Given a file like this, that has line, and each line has numbers separated by a space. Our task is to count digits. Not numbers, but digits.

examples/arrays/count_digits.txt

23 34 9512341
3 34 2452345 5353 67 22
42136357013412
42 5 65 64 

So basically we need to have 10 counters. One for counting 0-s, one for counting 1-s etc. up till the counter of 9-s. The natural way to hold such counters is to use an array. An array of counters.

So that's what we have here. We have an array called @count which is empty at the beginning.

  • At the index 0 we are going to count how many times 0 has appeared in the file.
  • At the index 1 we are going to count how many times 1 has appeared in the file.
  • ...
  • At the index 9 we are going to count how many times 9 has appeared in the file.

The first thing we do is we get the filename from the command line using shift so we will run this script as perl count_digits.pl count_digits.txt, or die, so if the user does not provide a filename we explain how the program should be used, and exit.

Then we open the file or die, this is just a standard thing we have been doing earlier, and then we loop over the file line-by-line using a while loop. Inside we deal with just one line.

First we chomp of the newline at the end of the line as we don't want to count that. The we use split with //, the empty regex to cut up the string into characters. We could have done a number of different things to go over the string character-by-character, this is juts one of the possibilities. Using split with an empty regex is thought as sepcial form of split, though it is just splitting the string every place where there is an empty string, meaning along each character. What we get back and assign to @chars is a list of characters.

Based on the input file each character is going to be either a digit, or a space.

Then we use a foreach loop to go over the characters one-by-one. On every iteration $c will hold one of the characters which is either a digit or a space. Inside the foreach loop we check if $c is not equal (ne) to an empty space, which means it is a digit.

In that case we increase the counter at that index using $count[$c]++.

After iterating over all the lines and all the characters in every line we have a full count.

examples/arrays/count_digits.pl

#!/usr/bin/perl
use strict;
use warnings;

my $filename = shift or die "Usage: $0 filename\n";

my @count;

open(my $fh, "<", $filename)
    or die "Could not open '$filename': $!";

while (my $line = <$fh>) {
    chomp $line;
    my @chars = split //, $line;
    foreach my $c (@chars) {
        if ($c ne " ") {
            $count[$c]++;
        }
    }
}

foreach my $i (0..9) {
    print "$i ", ($count[$i] ? $count[$i] : 0), "\n";
}

Automatically converting strings to numbers

However you might be wondering how this $count[$c]++ really works.
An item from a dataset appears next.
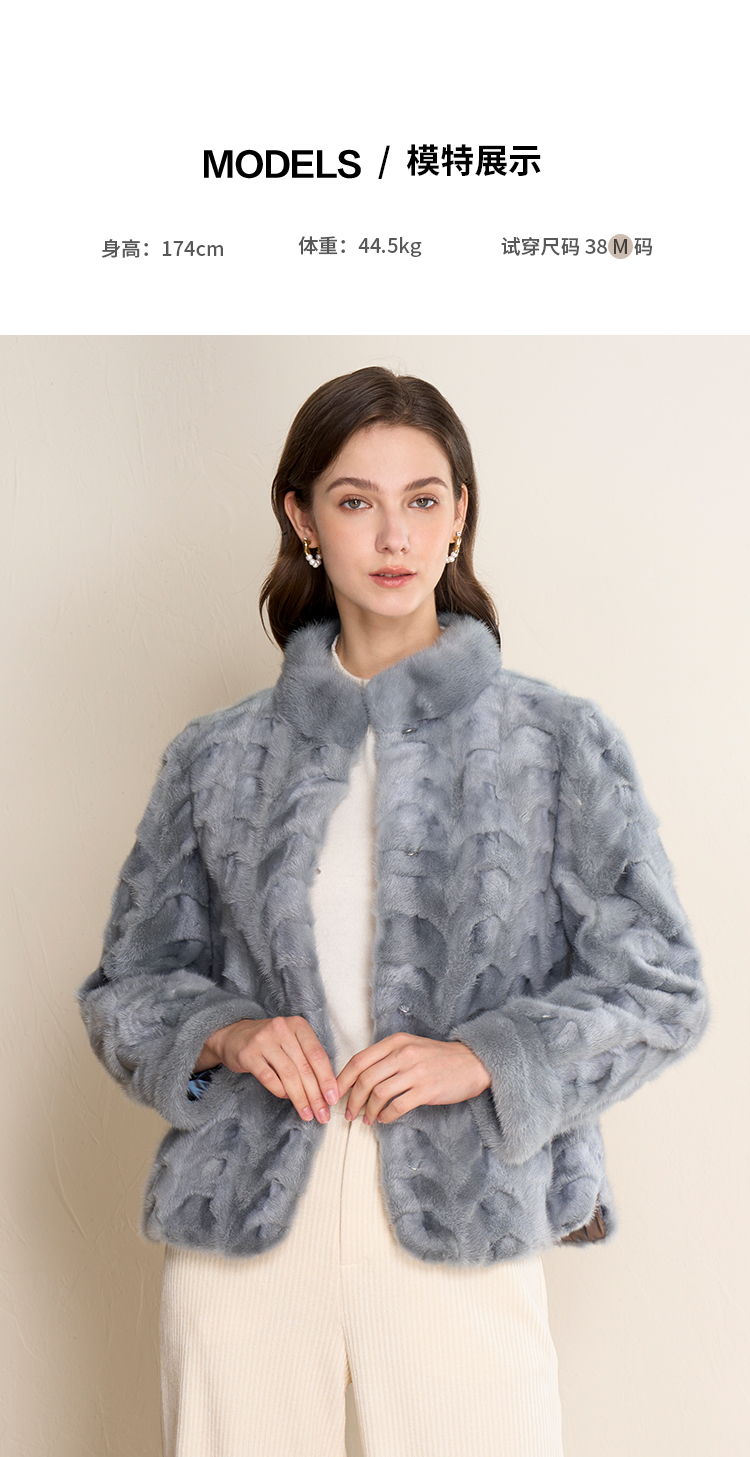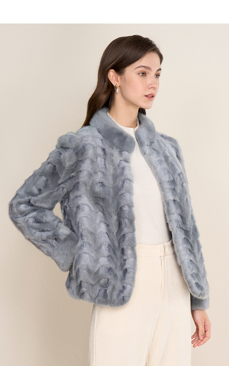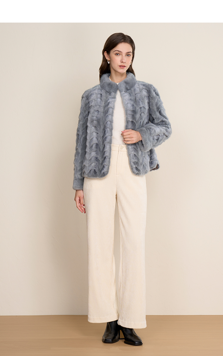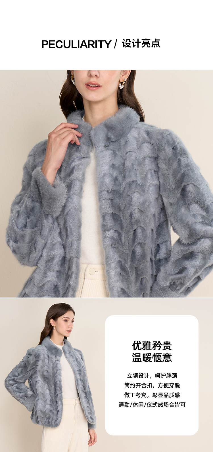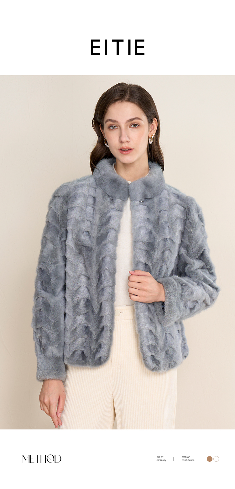 EITIE爱特爱时尚小立领浅蓝色轻奢直筒水貂毛皮草外套2025冬新款D2593907X

First of all, unlike in many other programming languages perl will automatically convert a string to a number when it is needed. So although $c is a string holding a digit in it, when it is used as an index of an array, perl will automatically convert it to the corresponding number.

Autovivification

The other thing that might be strange is that when we first encounter a digit, its place in the @count array does not exists yet. So how could we access it as a number and increment it with ++?
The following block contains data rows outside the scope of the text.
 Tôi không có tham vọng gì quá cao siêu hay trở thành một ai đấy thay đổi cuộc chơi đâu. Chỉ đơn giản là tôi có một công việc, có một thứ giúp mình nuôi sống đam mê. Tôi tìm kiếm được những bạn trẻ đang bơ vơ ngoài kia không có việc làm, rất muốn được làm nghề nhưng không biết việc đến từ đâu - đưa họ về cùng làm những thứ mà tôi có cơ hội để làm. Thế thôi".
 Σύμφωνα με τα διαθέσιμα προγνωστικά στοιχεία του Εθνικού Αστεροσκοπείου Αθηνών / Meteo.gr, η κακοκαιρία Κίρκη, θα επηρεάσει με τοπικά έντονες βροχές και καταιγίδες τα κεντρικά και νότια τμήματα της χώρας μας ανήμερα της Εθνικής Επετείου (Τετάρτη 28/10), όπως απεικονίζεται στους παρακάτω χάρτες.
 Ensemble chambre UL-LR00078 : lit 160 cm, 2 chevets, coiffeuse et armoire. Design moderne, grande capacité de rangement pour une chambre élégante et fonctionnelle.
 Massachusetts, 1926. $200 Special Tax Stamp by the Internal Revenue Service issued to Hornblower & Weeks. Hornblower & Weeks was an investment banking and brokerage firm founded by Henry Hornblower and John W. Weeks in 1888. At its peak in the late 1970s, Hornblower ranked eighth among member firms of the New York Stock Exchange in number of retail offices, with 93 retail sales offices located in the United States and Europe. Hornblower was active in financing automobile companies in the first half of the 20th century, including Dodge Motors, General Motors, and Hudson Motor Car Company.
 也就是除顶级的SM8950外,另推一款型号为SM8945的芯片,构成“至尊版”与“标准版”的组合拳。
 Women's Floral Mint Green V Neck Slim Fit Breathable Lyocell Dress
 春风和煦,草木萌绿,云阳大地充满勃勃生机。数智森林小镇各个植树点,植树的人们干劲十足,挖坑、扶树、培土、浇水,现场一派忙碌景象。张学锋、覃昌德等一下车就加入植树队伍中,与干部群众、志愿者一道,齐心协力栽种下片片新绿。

When we start the iteration the @count array is empty. Using our input file the first digit we are going to encounter will be 2. When executing $count[$c]++, perl is actually executing $count[2]++. Perl will try to look up the value of $count[$c] It does not exist hence, because we are attempting a numeric operation on a value that does not exist, Perl will default to act as if there was a number 0. Incerementing it with ++ it will turn into a 1 and will be assigned back to $count[2].

In oreder to be able to store 1 in $count[2] perl will allocate space for 3 elements of the array @count: indexes 0, 1, and 2. Index 2 will get the value 1, and indexes 0, and 1, will have undef in them. Creating:

@count = (undef, undef, 1)

This is one form of autovivification.

The next digit is 3. After that iteration the array will look like this:

@count = (undef, undef, 1, 1)

Then comes a space which will not be counted.

Another 3 will get us to this: @count = (undef, undef, 1, 2) The 4 after that will get us here: @count = (undef, undef, 1, 2, 1), and then the 9, will cause the array to be further enlarged to this: @count = (undef, undef, 1, 2, 1, undef, undef, undef, undef, 1).

Display the results

The last 3 lines in the program will show the results. We have a foreach loop there that iterates over the digits from 0 to 9. On each iteration it will print out the content of $i, the current digit, and then we use the ternary operator to print out the content of the @count array in that place. In the ternary operator, we check if $c[$i], the counter containing the number of occurances of the digit currently in $i, has any value. If it has, it means we have encountered that digit at least once, so we print $count[$i]. Otherwise, if we have not encountered this digit we print out 0.

If we did not have this ternary operator, and if just printed the content of $count[$i] we might encounter some issues in case one of digit did not appear in our file. In that case $count[$i] would be still undef which if printed will do two things: It will act as en empty stirng and will print nothing, but becasue we have use warnings we are also going to get a Use of uninitialized value warning.

That warning will certainly alarm any viewer of the results.

Even if we turn off warnings, which I don't recommend, we'd get an output in which we have holes. Rows that show the digit, but no number showing the frequency of that digit. Any casual viewer will immediately think that it is a bug. So it is better that we put a 0 in there.

The result:

0 1
1 5
2 9
3 11
4 9
5 8
6 4
7 2
8 0
9 1